Word-level language modeling While most transformer-based language models are built on top of subword tokenization, word-level transformer language models are not entirely infeasible. WordBERT Feng et al. (2022) is the first word-level BERT that achieves better performance on cloze test, sequence labeling, and question answering compared to BERT. WordBERT utilizes negative sampling to successfully train a bidirectional transformer encoder with a vocabulary size of 1 million.

Byte-level or character-level language modeling For English-only tasks, byte-level and character-level tokenizations are equivalent because each English character takes only one byte if you ignore non-ASCII characters. But to incorporate other languages, character-level methods need to expand their vocabularies. Byte-level methods do not have this issue, but languages using some of the other scripts take more than one byte to represent a character. For example, Greek takes around 2 bytes and east Asian languages take around 3 bytes. This results in an even longer sequence length. Despite these restrictions, ByT5 Xue et al. (2021) shows a seq2seq transformer with re-balanced encoder and decoder depths plus more training that can achieve competitive performance on a diversity of tasks. CANNIE is a character level model that has a vocabulary of 1 million characters so it utilized hash embedding Tito Svenstrup et al. (2017) to curb large parameter amounts. Charformer Tay et al. (2021) proposes an attention-based, learnable tokenizer that builds subword embedding.

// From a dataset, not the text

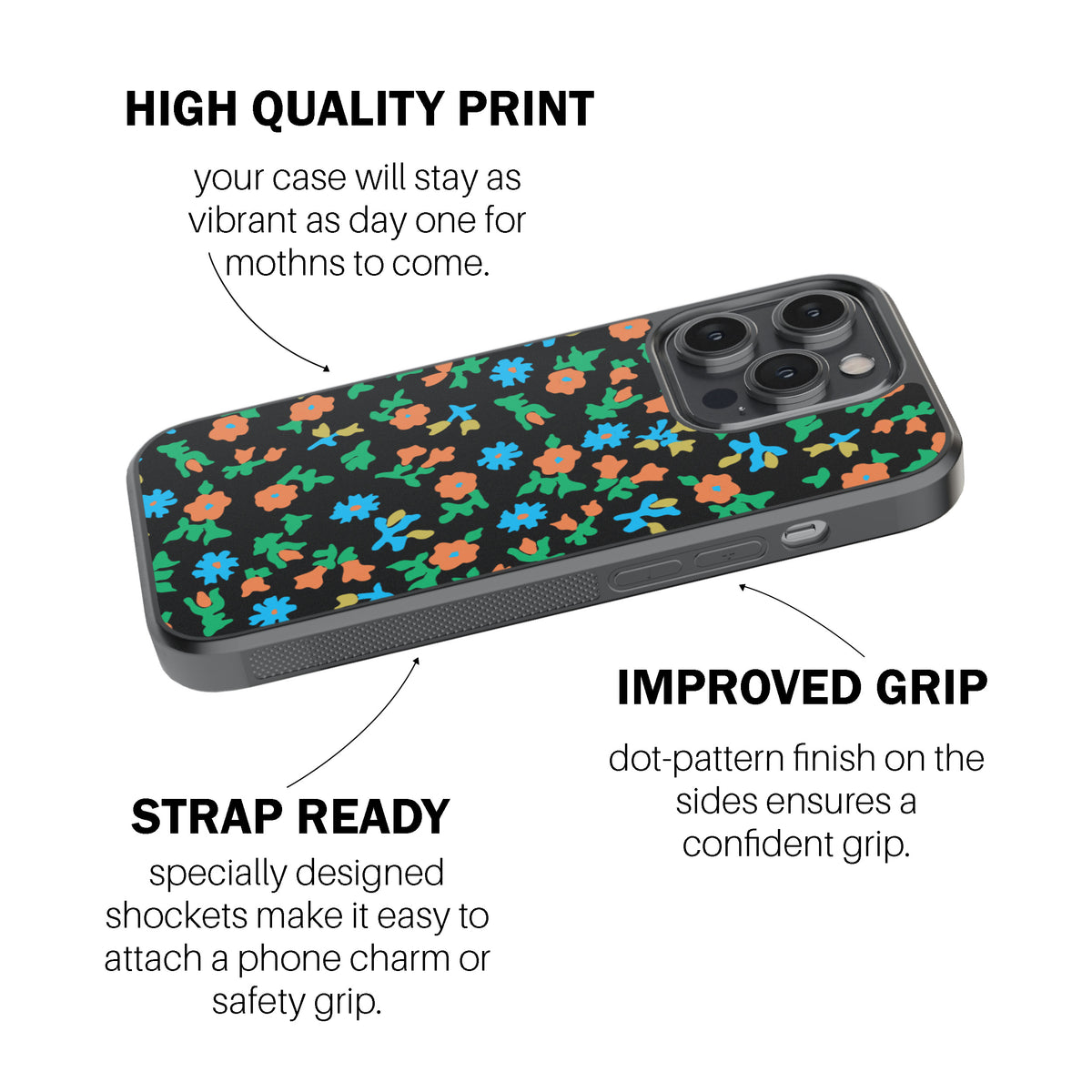 Black Calico Floral Phone Cover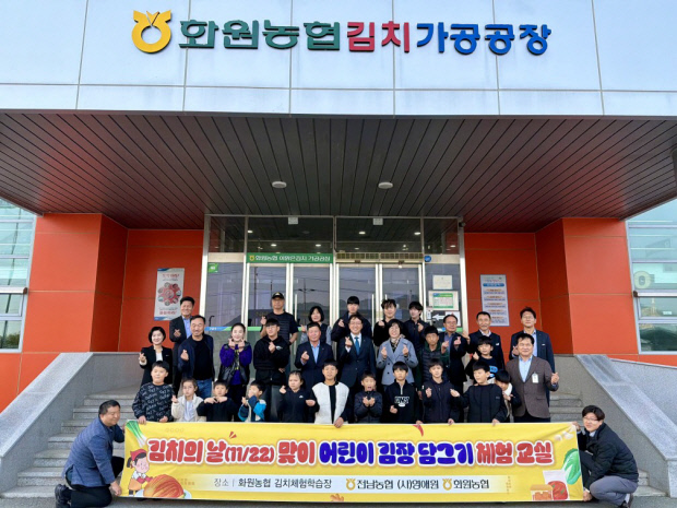 ![]() 농협전남본부는 14일 해남 화원농협 김치체험학습장에서 아동복지시설 영애원 원생·자원봉사자 등이 참여한 가운데 김치의 날(11월 22일)을 앞두고 농산물 소비 촉진을 위한 ‘어린이 김장 담그기 체험교실’을 진행했다.<농협전남본부 제공> |

But since Charformer has no concept of word boundaries, it can only reduce input length by naively downsampling.

Character-aware method Given a character sequence of a single word, previous work Kim et al. (2015); El Boukkouri et al. (2020) use a 1D CNN network with multiple kernels to capture information of different granularities. Information extracted by the CNN is then pooled and concatenated to build the final word embeddings.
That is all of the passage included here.